The items required for disclosure shouldn’t be your only concern, however. Try to learn details about the activities you describe in the disclosure. If your cyber risk management program includes working with third parties, for example, ask about those vendors’ qualifications, the frequency and scope of their testing, and the results of those tests. While these details go beyond what may be required in the disclosure, understanding the broader picture will be important to your comfort when you certify.
Everyone involved in drafting the 10-K should understand that what’s disclosed will be publicly revealed and the potential implications. While those in finance/accounting, the GC’s office and internal audit will be familiar with this situation, those in the CISO’s office may not be. The organization should consider providing training on disclosure procedures and the implications. Reviews and “sub-certifications,” in which key individuals responsible for cyber risk management also attest to disclosure accuracy, are other verification methods.
Get involved in discussions among those responsible for cyber risk management and the board or any subcommittees. Knowing what information is flowing to the board can alert you to any material changes that could require additional or different disclosure in SEC filings.
If your 10-K is due later in the cycle, review the first wave filings from your peers to get an early baseline on industry disclosure practice. Even after you file your 10-K, continue to look around to see what other companies are doing. This will help you understand how your cyber risk management differs from your peers, helping you to make changes as needed.
How prepared are we to answer questions from the board about cyber disclosures?
The SEC didn’t include a cyber expertise disclosure requirement on boards, but the increased attention to and disclosures on cyber risks will remain a board concern.

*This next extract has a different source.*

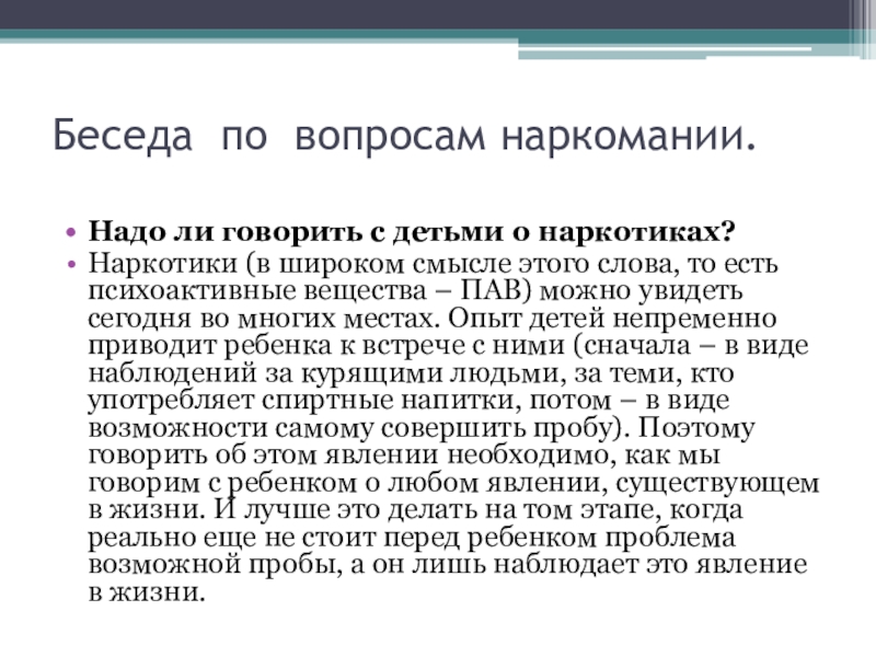 Беседа по вопросам наркомании. Надо ли говорить с детьми о наркотиках?Наркотики (в широком смысле этого слова, то

Board members will likely request more frequent or detailed updates regarding cyber risk management from company managers and even outside experts.
CFOs — working closely with GCs, CISOs, internal auditors and others within the organization — should be ready to answer questions from the board about disclosures regarding material and immaterial cyber incidents as well as annual disclosures of cyber risk management, strategy and governance.
Board members will likely ask about the company’s investments in cybersecurity risk management as well as costs associated with any past cybersecurity incidents. In addition, given your role in establishing and evaluating the effectiveness of disclosure controls and procedures and internal control over financial reporting, you’ll probably be asked how the company’s cyber risk has affected these processes and how new and emerging risks might change them.